Anco signed a contract with the Preah Sihanouk provincial government in 2008 to operate a tourist park and pumping station at the Kbal Chhay waterfall, according to Prak Chanroeun, the director of MIME.
Currently, Anco sells water to the provincial government for 1,000 riel, or about $0.25 per cubic meter. The provincial department of MIME then resells that water on to users for between 1,500 and 2,000 riel, according to Mr. Chanroeun, who declined to say how much revenue the resale of water brings into provincial coffers.
“We use this revenue to pay a tax to the Ministry of Economy and Finance and also for provincial hall,” he said, declining to elaborate on how much, and where those funds were being spent.
Mr. Sun said that Anco has agreed to build two additional water pipe networks between Sihanoukville and Kbal Chhay in order to increase the amount of water it can supply the city with during the dry season.
Neither Mr. Chanroeun nor Mr. Soputhy at EdC, however, could explain how new pipelines, which are set to be finished by Friday, would solve the festering issue of there not being enough electricity to pump water to the city.
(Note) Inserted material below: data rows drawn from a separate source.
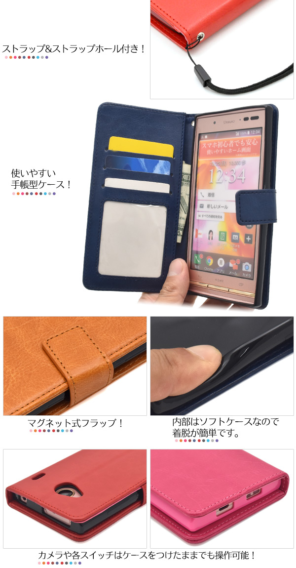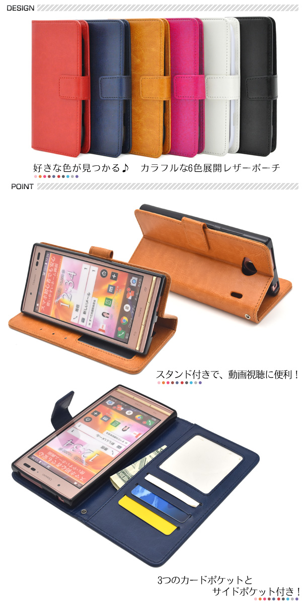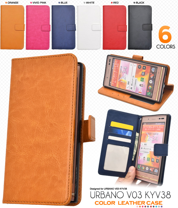 カラフルな6色展開!URBANO V03 KYV38用カラーレザーケースポーチ
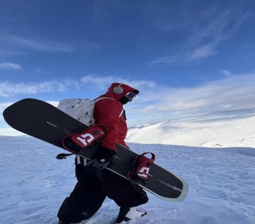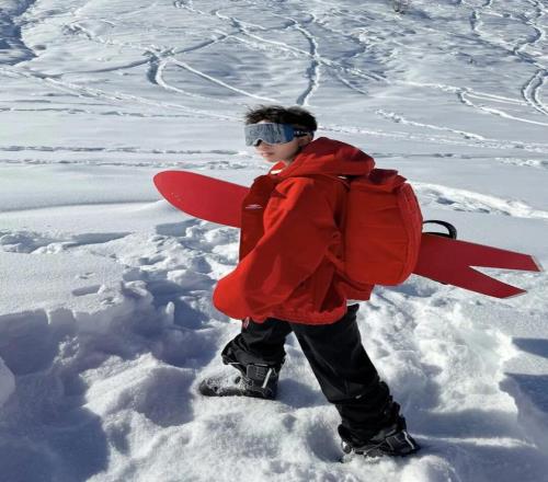 茫茫雪場裏中的 “一點紅”,熱烈如火,在純白天地間肆意生長,青春本就該自在馳騁、大膽耀眼。
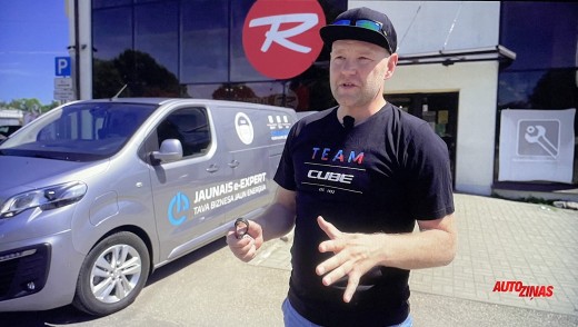 Tas nozīmē, ka furgonam ir ne tikai LED starmeši, bet arī pusādas sēdekļi ar apsildi, tāda pati stūre. Šim Peugeot e Expert ir ne tikai divas durvis, bet tās ir ar elektropiedziņu. Tā ir reti sastopama ekstra. Atkarībā no garuma - un to var būt trīs, elektriskajam Expert ir 50 vai 75 kW baterija. Motors gan ir tikai viens - 100 kilovatu. Kas ir svarīgi, Peugeot elektrobusa nobraukums ir krietni virs 300 km. Lai uzzinātu, ko par elektrisko busu perspektīvām Latvijā domā uzņēmēji ielūdzām uz testa braucienu veikalu tīkla Fans velosipēdu divīzijas vadītāju Juri Mikulenu. Viņam šī bija pirmā tikšanās ar kravas elektromobili. Vairāk skaties TV Auto ziņu sižetā.
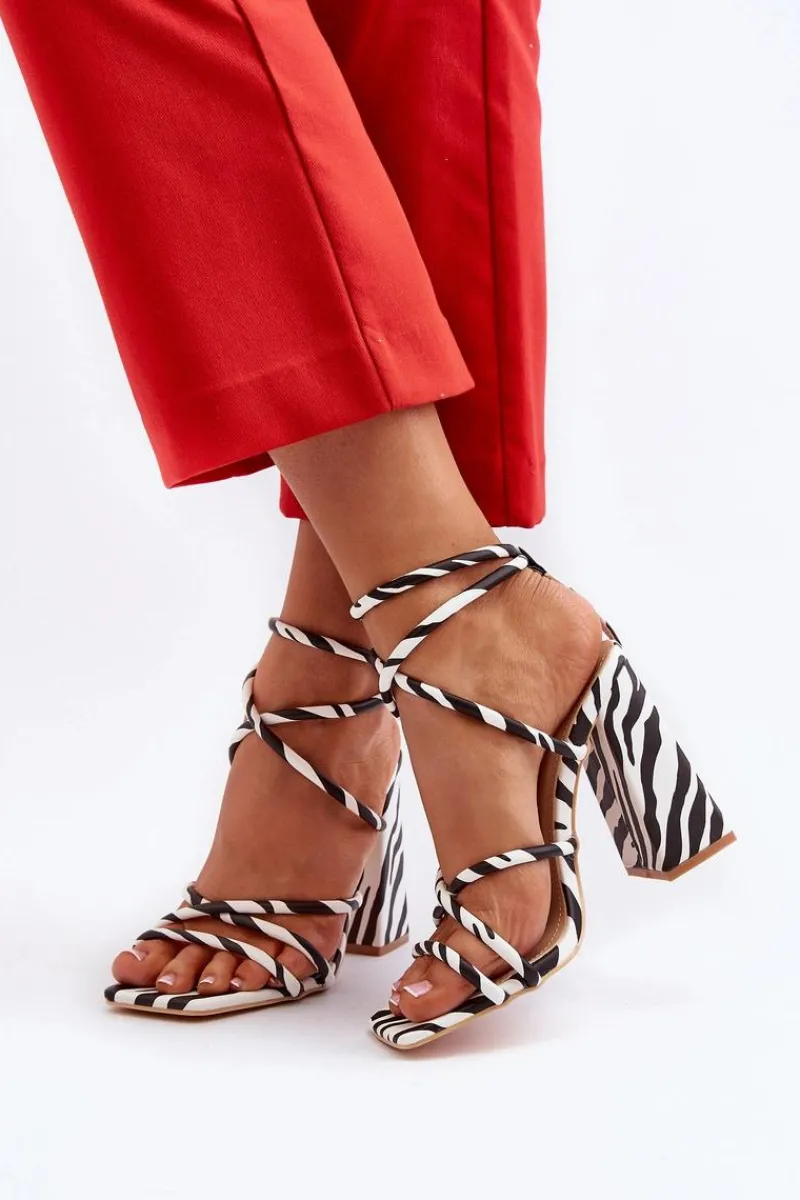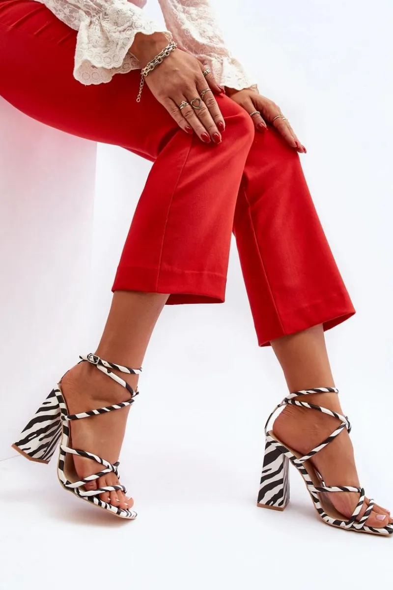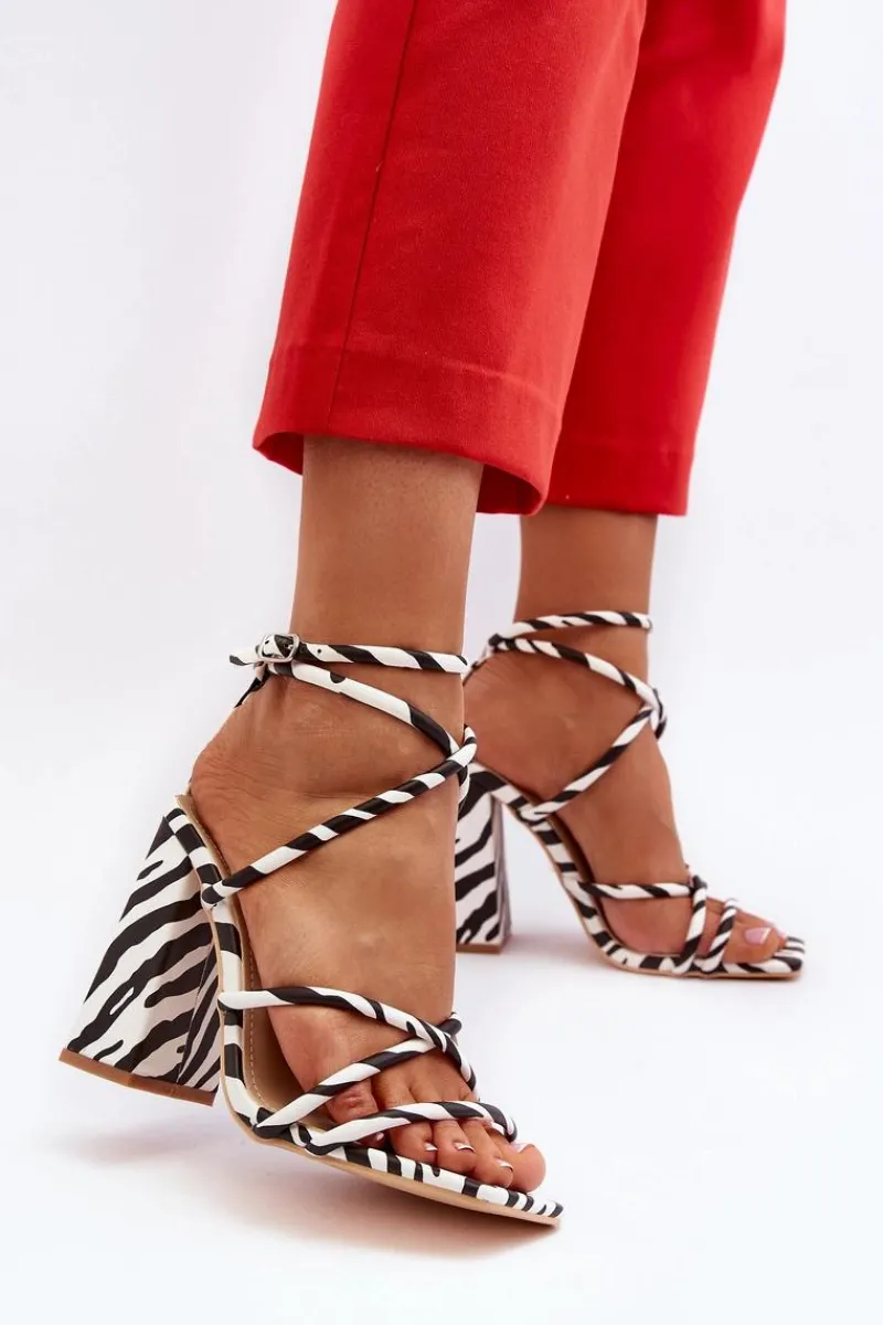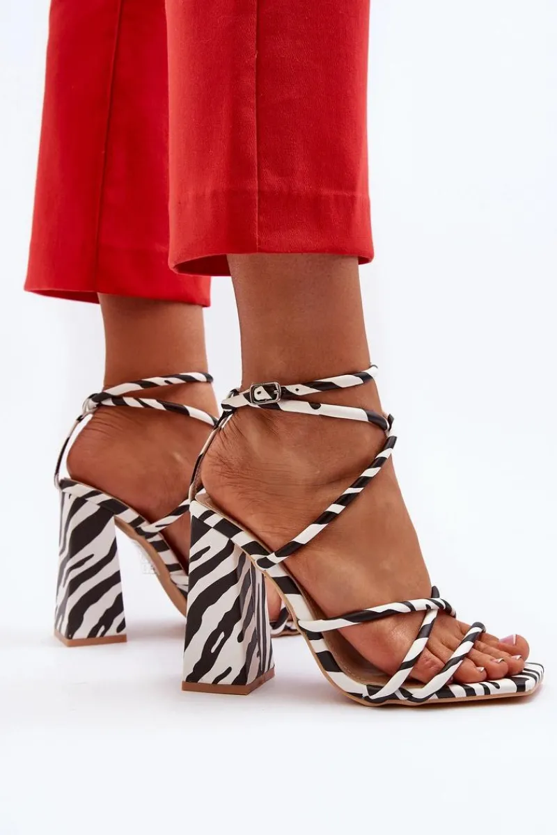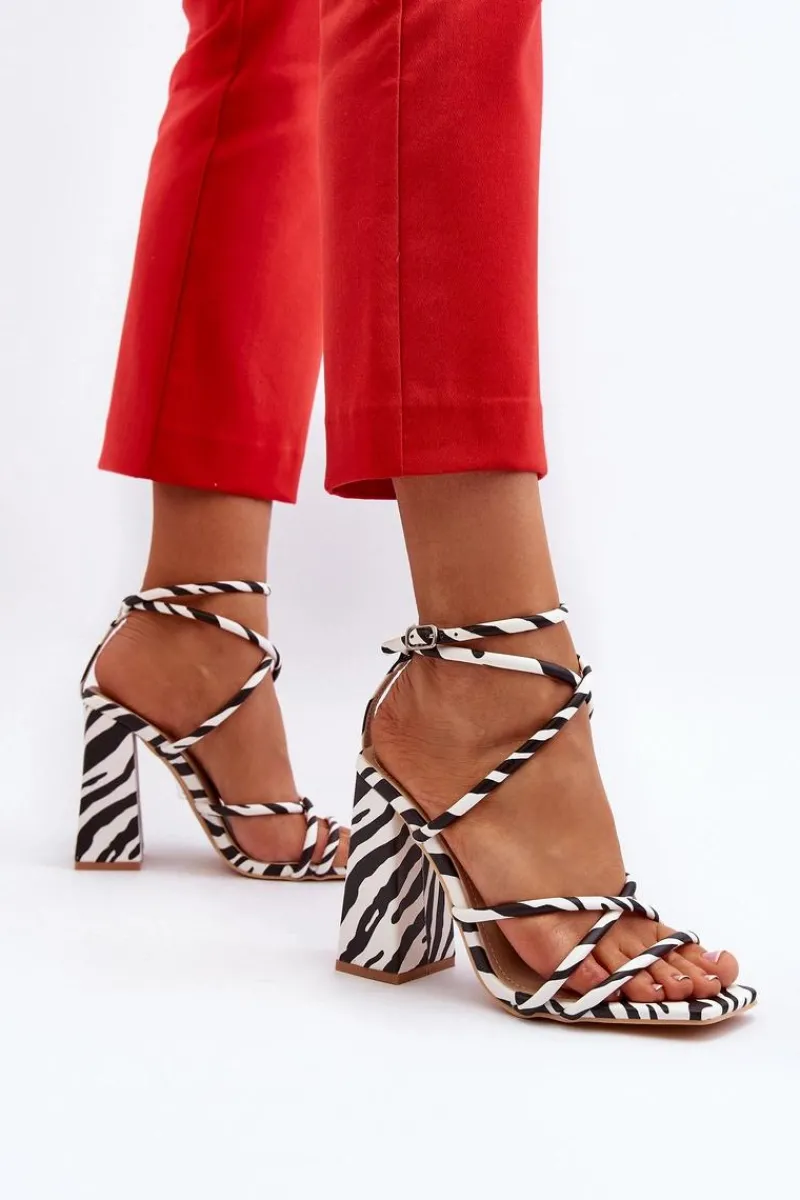 Cudowne sandałki damskie zostały wykonane z eko skóry. Ten ciekawy fason pięknie prezentuje się na nodze. Miękka wkładka z eko skóry zapewni komfort przez dłuższy czas. Obcas w postaci słupka szerszego u dołu. Sandałki posiadają regulowany pasek zapinany na sprzączkę. Idealne na imprezę, uroczystość rodzinną czy randkę! Koniecznie powinnaś je mieć! Przy wyborze rozmiaru prosimy sugerować się tabelą rozmiarów.

“We are focusing on the water supply issue, why are you asking me about other problems?” said Mr. Chanroeun when asked how he planned to deal with the power shortage that is preventing Anco from supplying enough water to the province’s capital city.
Without water, the residents of Sihanoukville have resorted to alternate—and much more expensive ways—to get clean water into their homes, according to Khuon Sarun, chief of Lek 4 Commune, where four businesses burned down on Sunday because fire hydrants in the area had gone dry.
“My family has been transporting water from a well 2 km outside the city by motorbike, and other families have been doing the same,” she said, adding that the 24,000 residents of her commune were without running water, and that the problem has spread throughout the city in the past week.
Provincial tourism police chief Man Tou said that about 60 percent of people living in Sihanoukville City have been affected by the water shortage.